▶ _ASSIGNMENT_
Transcribe the stretch of entries below from the line with "商品名称:雲归梦 2019新款60S长绒棉绣花四件套 风雅小筑-深豆沙" through the line with "奇力嘉(原歐瑞特)是一家集科", exactly and with both ends included; leave out all other lines.

▶ _TASK INPUTS_
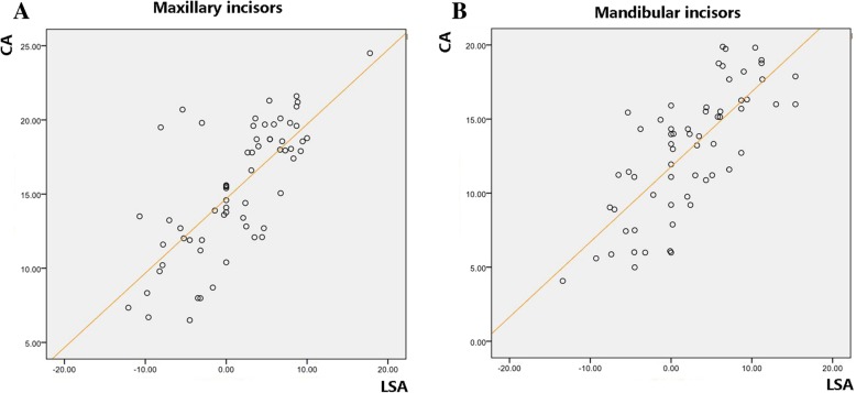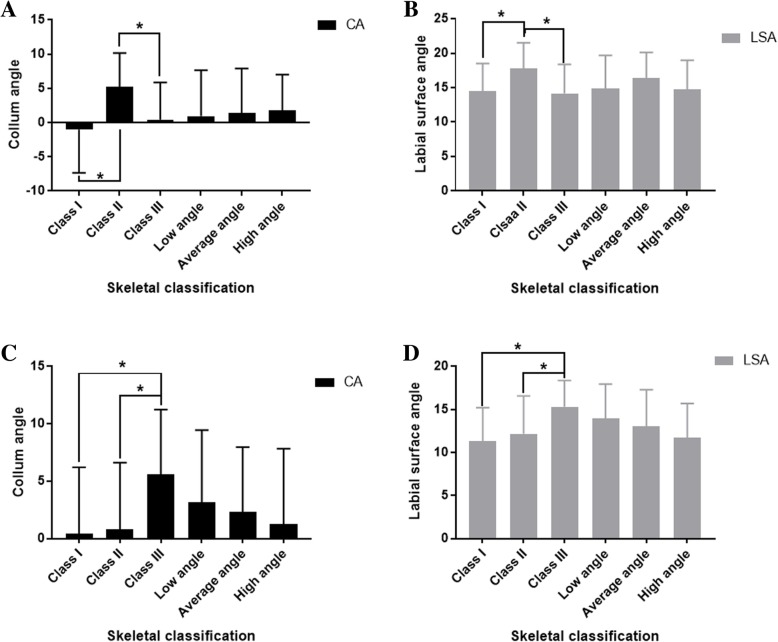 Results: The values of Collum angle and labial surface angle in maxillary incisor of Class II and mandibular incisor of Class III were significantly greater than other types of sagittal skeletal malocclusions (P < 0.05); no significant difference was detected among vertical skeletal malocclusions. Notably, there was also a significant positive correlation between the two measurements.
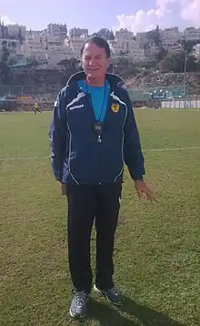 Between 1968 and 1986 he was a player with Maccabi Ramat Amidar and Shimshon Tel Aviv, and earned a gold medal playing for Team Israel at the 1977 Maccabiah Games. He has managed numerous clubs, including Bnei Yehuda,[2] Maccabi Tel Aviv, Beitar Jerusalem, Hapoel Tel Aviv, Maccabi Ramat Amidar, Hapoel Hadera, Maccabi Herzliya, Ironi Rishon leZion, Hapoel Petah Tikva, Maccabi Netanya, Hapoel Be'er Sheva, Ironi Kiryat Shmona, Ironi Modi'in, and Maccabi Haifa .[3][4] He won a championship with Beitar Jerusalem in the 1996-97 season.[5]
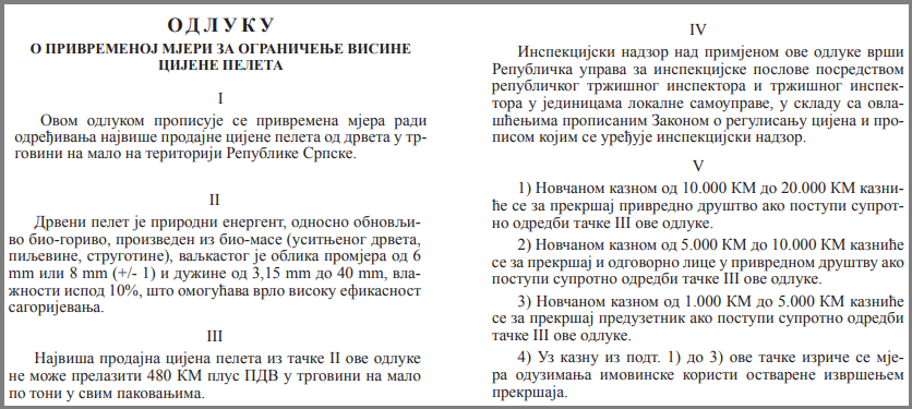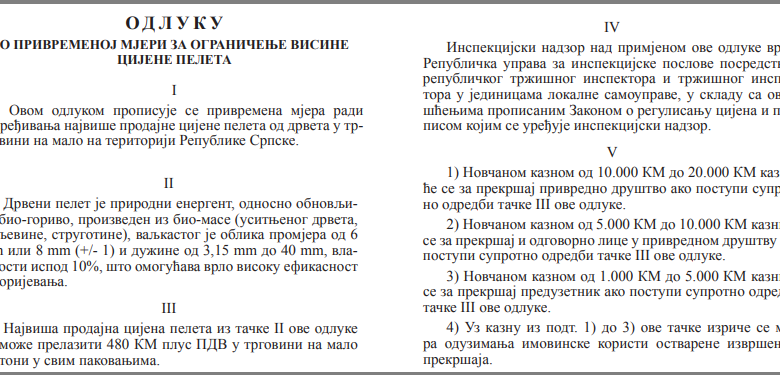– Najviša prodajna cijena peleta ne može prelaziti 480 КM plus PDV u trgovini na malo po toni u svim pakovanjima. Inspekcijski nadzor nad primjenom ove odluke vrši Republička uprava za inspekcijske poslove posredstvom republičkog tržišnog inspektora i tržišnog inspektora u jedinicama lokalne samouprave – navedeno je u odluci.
* * *
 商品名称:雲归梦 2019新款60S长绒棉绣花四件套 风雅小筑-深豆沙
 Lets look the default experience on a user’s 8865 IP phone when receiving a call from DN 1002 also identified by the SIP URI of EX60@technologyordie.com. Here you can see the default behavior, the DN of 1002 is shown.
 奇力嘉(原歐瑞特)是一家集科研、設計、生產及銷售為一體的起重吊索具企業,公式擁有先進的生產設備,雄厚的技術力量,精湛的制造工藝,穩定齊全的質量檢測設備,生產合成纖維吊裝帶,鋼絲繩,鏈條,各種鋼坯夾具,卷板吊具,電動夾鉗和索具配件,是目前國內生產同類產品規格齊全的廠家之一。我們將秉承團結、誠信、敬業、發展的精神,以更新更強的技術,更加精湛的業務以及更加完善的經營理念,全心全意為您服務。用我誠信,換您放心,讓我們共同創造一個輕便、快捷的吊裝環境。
--
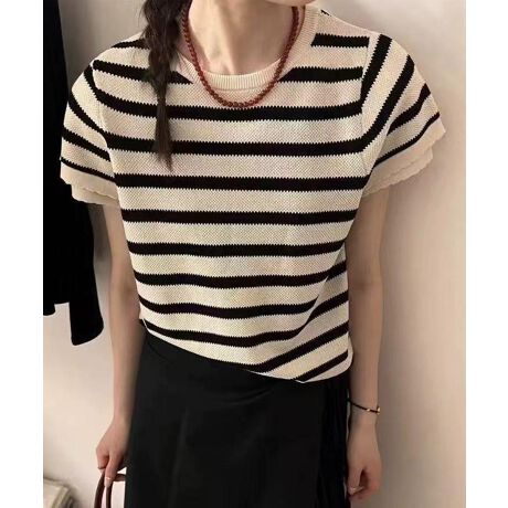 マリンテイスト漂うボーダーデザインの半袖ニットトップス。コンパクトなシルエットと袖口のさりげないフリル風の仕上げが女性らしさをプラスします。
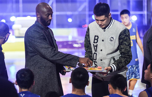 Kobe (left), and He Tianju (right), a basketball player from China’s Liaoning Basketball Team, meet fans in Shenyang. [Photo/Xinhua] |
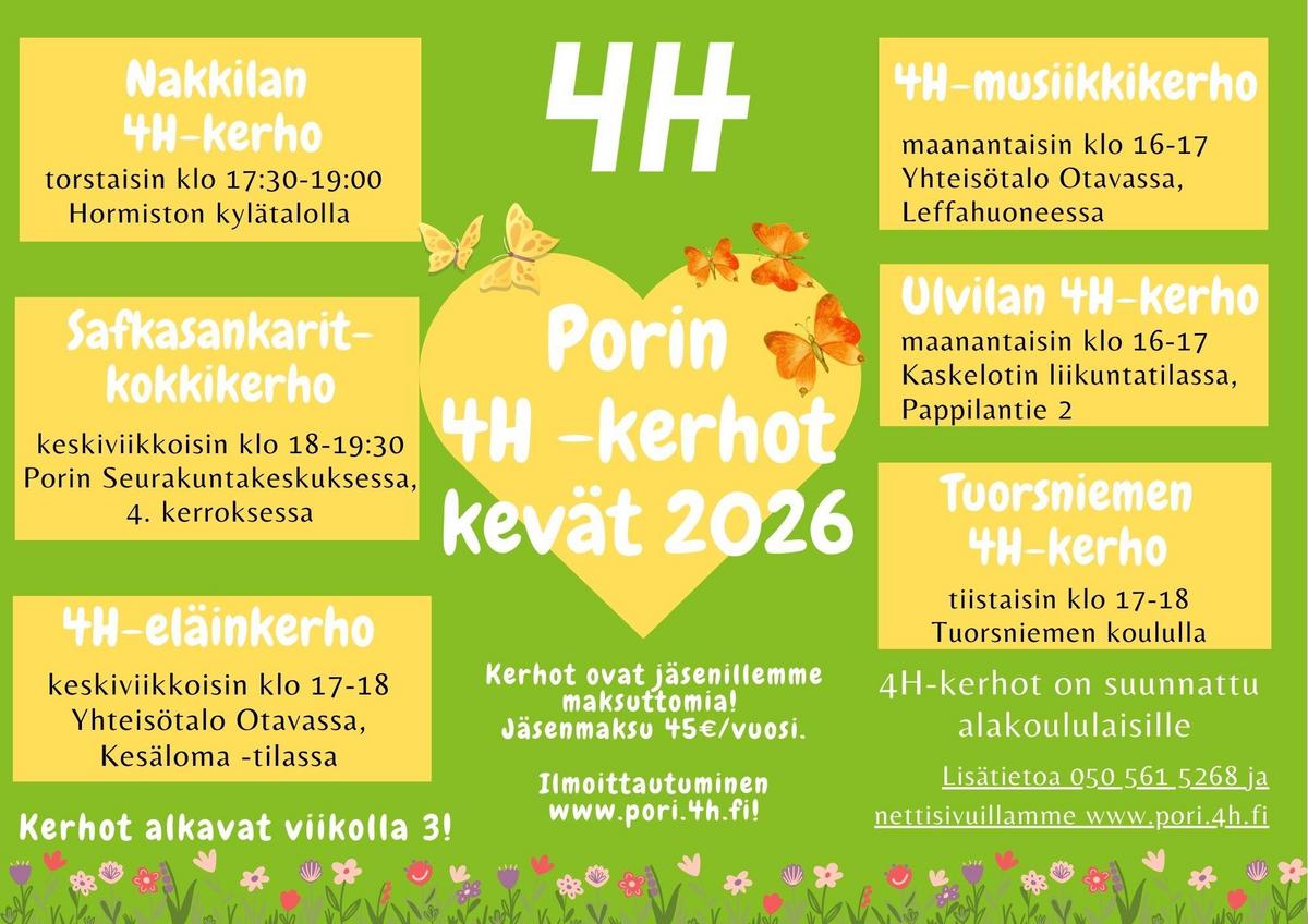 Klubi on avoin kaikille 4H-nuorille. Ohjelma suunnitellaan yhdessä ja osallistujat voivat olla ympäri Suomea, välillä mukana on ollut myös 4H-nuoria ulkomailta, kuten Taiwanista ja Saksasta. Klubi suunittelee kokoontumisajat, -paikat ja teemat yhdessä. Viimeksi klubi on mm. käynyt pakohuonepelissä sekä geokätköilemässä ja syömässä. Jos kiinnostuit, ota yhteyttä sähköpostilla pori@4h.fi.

▶ _TASK RESPONSE_
 商品名称:雲归梦 2019新款60S长绒棉绣花四件套 风雅小筑-深豆沙
 Lets look the default experience on a user’s 8865 IP phone when receiving a call from DN 1002 also identified by the SIP URI of EX60@technologyordie.com. Here you can see the default behavior, the DN of 1002 is shown.
 奇力嘉(原歐瑞特)是一家集科研、設計、生產及銷售為一體的起重吊索具企業,公式擁有先進的生產設備,雄厚的技術力量,精湛的制造工藝,穩定齊全的質量檢測設備,生產合成纖維吊裝帶,鋼絲繩,鏈條,各種鋼坯夾具,卷板吊具,電動夾鉗和索具配件,是目前國內生產同類產品規格齊全的廠家之一。我們將秉承團結、誠信、敬業、發展的精神,以更新更強的技術,更加精湛的業務以及更加完善的經營理念,全心全意為您服務。用我誠信,換您放心,讓我們共同創造一個輕便、快捷的吊裝環境。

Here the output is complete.